For open-ended questions, the relative frequency of each type of response is presented along with representative quotes. Results of the quantitative analysis were compared to patients’ responses and to perspectives of local health care workers with extensive experience caring for patients with TB collected in a parallel study [15]. This mixed methods approach was used to explain and extend the results of the quantitative analysis [21], [22].

Results

Study Population

Our study enrolled 277 patients: 91 cases and 186 controls.

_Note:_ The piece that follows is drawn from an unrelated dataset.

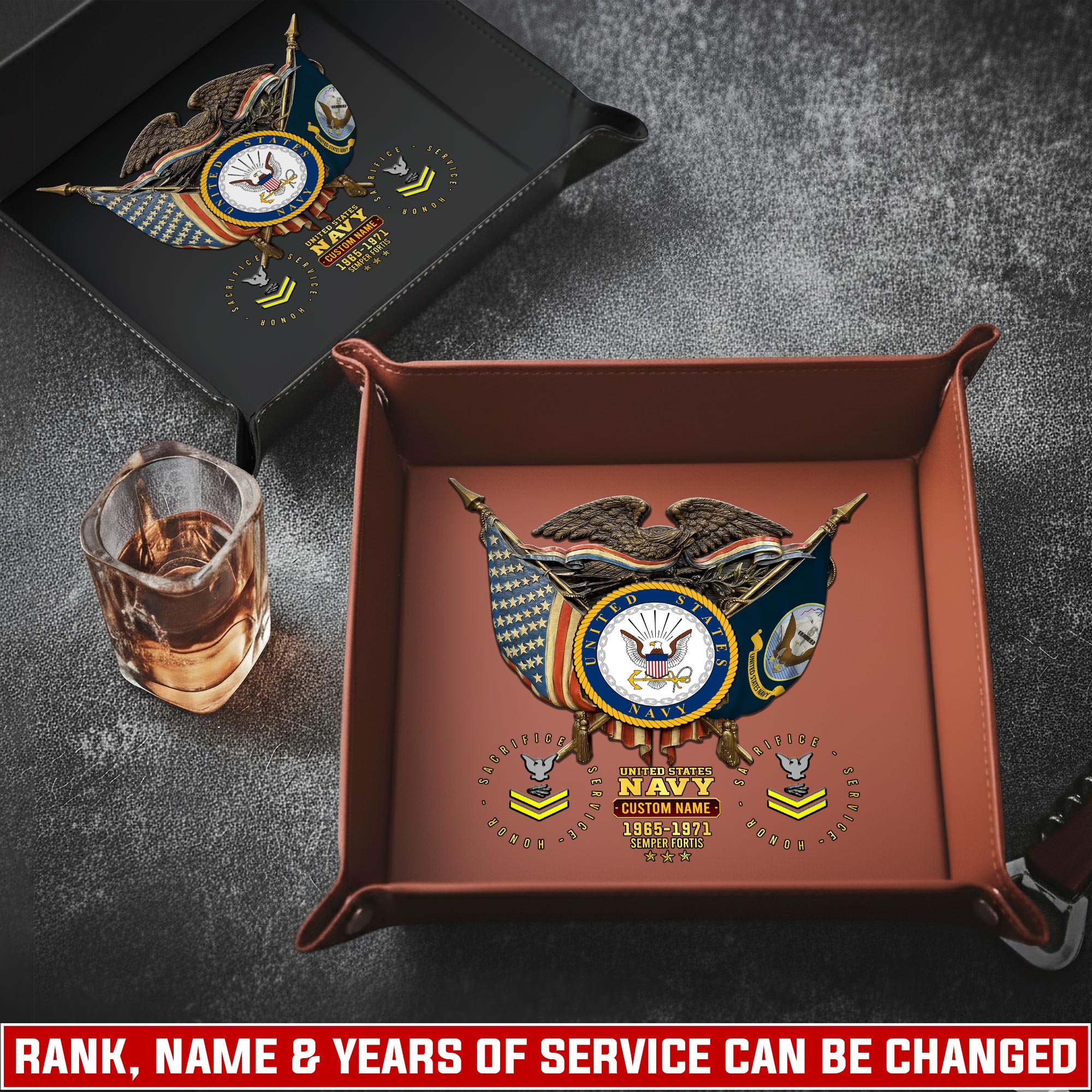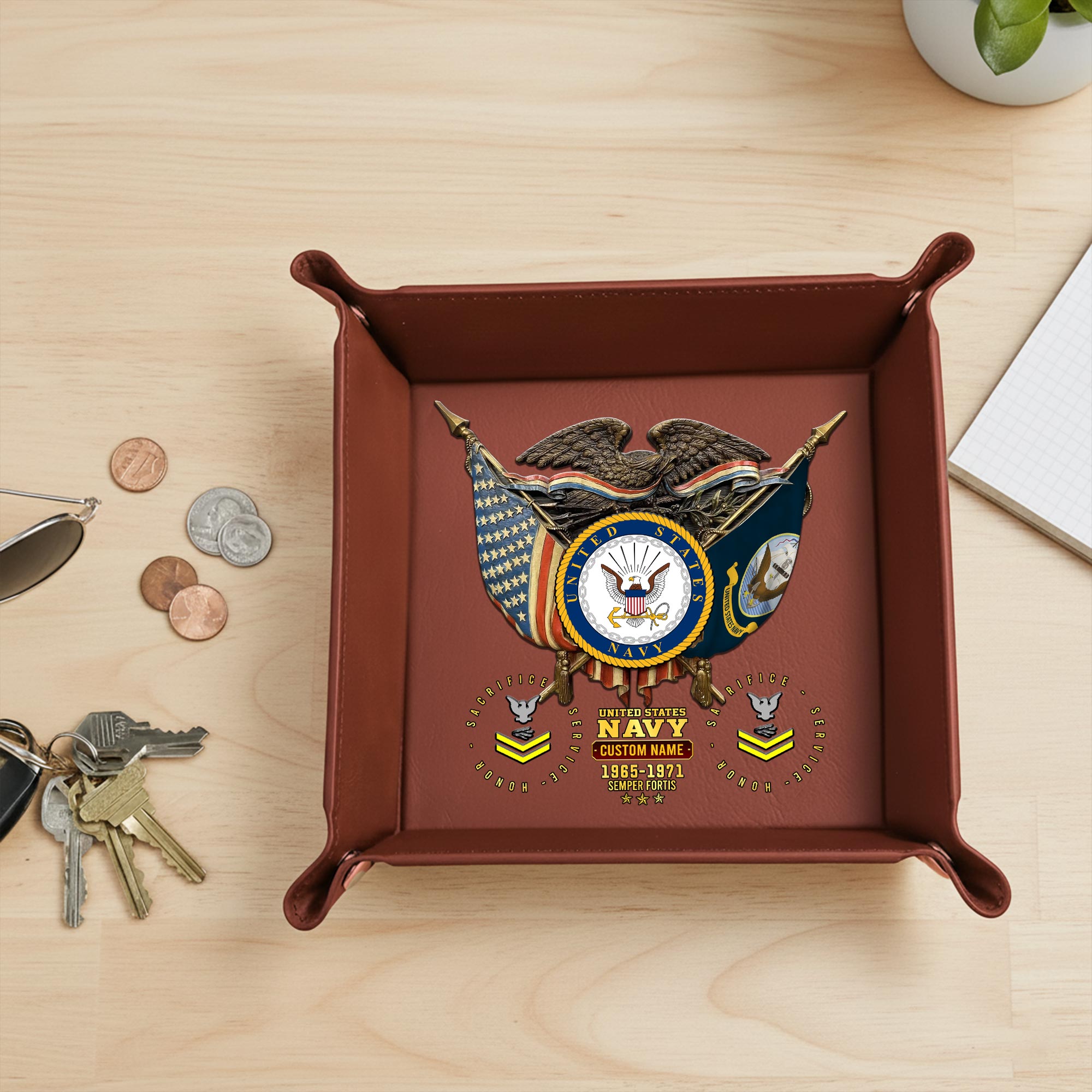 US Navy, E 7 Gold – Personalized Leather Valet Tray
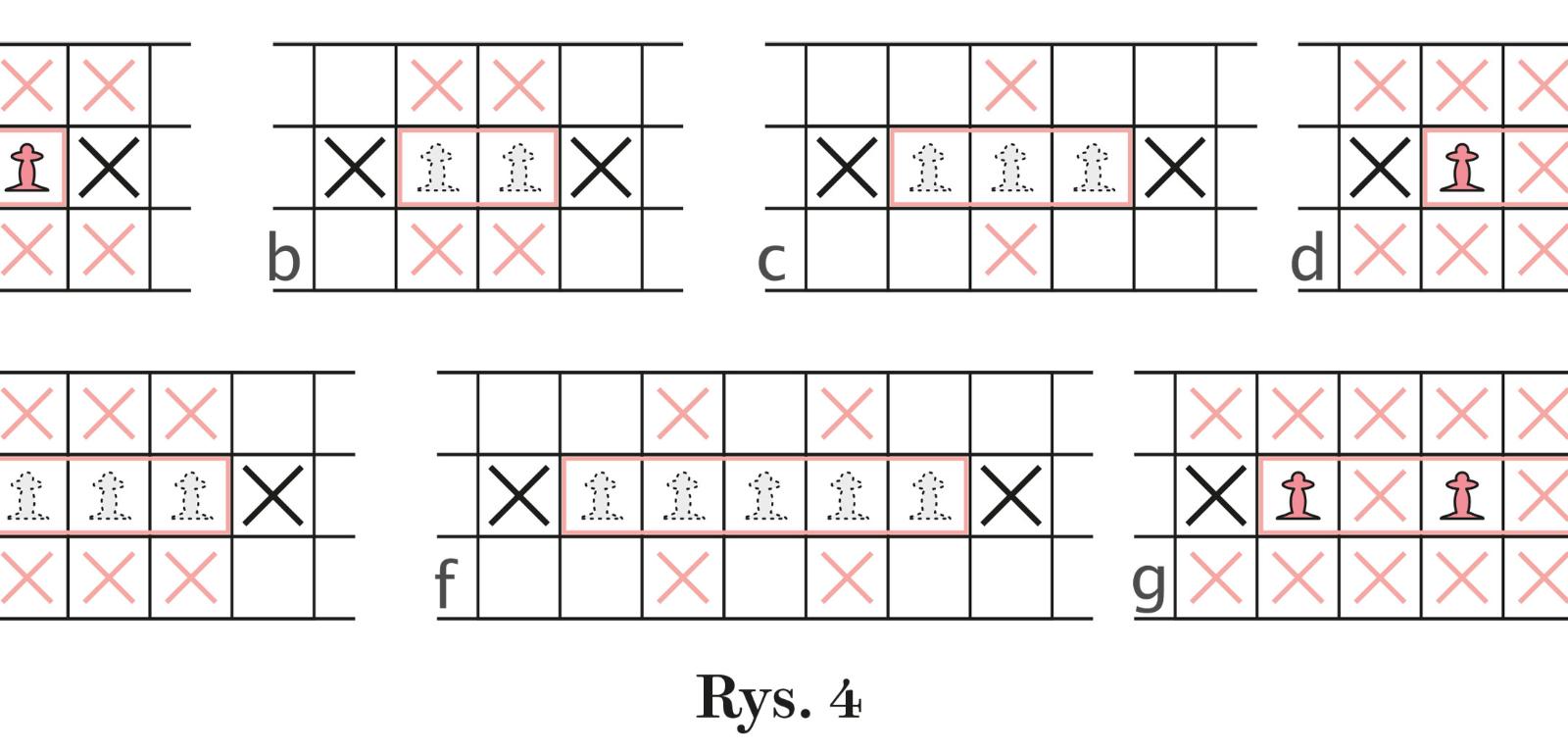 Na rys. 4 znajdują się pasy złożone z 1≤p≤5 pól, a w każdym z nich powinien pojawić się przynajmniej jeden pionek. Jeśli p=1, to pionek obsadza jedyne pole, a w sąsiednich pasach znikają po trzy pola (a). Gdy p=2, to na razie nie wiadomo, na którym polu zagości pionek, ale niezależnie od tego, gdzie się znajdzie, można wykreślić po dwa pola z sąsiednich rzędów (b). Dla p=3 sytuacja jest podobna, jeżeli na przydział pola czeka tylko jeden pionek. Wtedy w każdym sąsiednim pasie do wykreślenia będzie jedno pole – sąsiednie względem każdego z trzech pól oferowanych pionkowi (c). Jeżeli jednak w tym pasie muszą się znaleźć dwa pionki, to ich ulokowanie jest jednoznaczne, a w sąsiednich pasach ubywa po pięć pól (d). Przy p=4 i obecności tylko jednego pionka nic się nie da zrobić, ale jeśli na miejsce czekają dwa, to rezultatem będzie wykreślenie czterech pól w obu sąsiednich pasach (e). Wreszcie gdy p=5, to sytuacja ulega niewielkiej zmianie, gdy na przydział czekają dwa pionki (f), albo radykalnej, gdy są trzy – wtedy meldują się wszystkie i wykreślonych zostaje po siedem pól w sąsiednich pasach (g). Analizując coraz dłuższe pasy, łatwo ustalić, że największa liczba pionków kp, które można umieścić w pasie złożonym z p pól równa jest liczbie liczb nieparzystych w zbiorze p początkowych liczb całkowitych dodatnich. Liczby kp tworzą więc ciąg: 1, 1, 2, 2, 3, 3, 4, 4, 5, 5, … , czyli kp=?p/2? – nawiasy kwadratowe bez dolnej kreseczki oznaczają tzw. sufit, tzn. konieczność zaokrąglenia liczby w nawiasach w górę, jeżeli nie jest całkowita.

Sixty-nine percent (69%) were male, 69% had salaries of <1800 dirhams/month, one-third finished primary school, and 30% were illiterate (Table 1). Twenty-nine percent (29%) were current tobacco smokers, and only 12% had ever drunk alcohol. Illicit drug use, mental illness, and comorbid chronic illness were rare. All patients were HIV-seronegative. Among the 91 cases, 65 (71%) defaulted after finishing the initial 2-month intensive phase of treatment. Time from default to return to TB care was 2 months for 22%, 3–4 months for 24%, 5–8 months for 25%, and ≥9 months for 29% of patients. Almost half (44%) of patients returned to clinic on their own; others returned after being contacted by phone (21%), following a home visit (22%), or after hospitalization (8%). The majority of patients knew the name of their disease, identified its respiratory route of transmission, and were aware of its potential lethality (Table 2).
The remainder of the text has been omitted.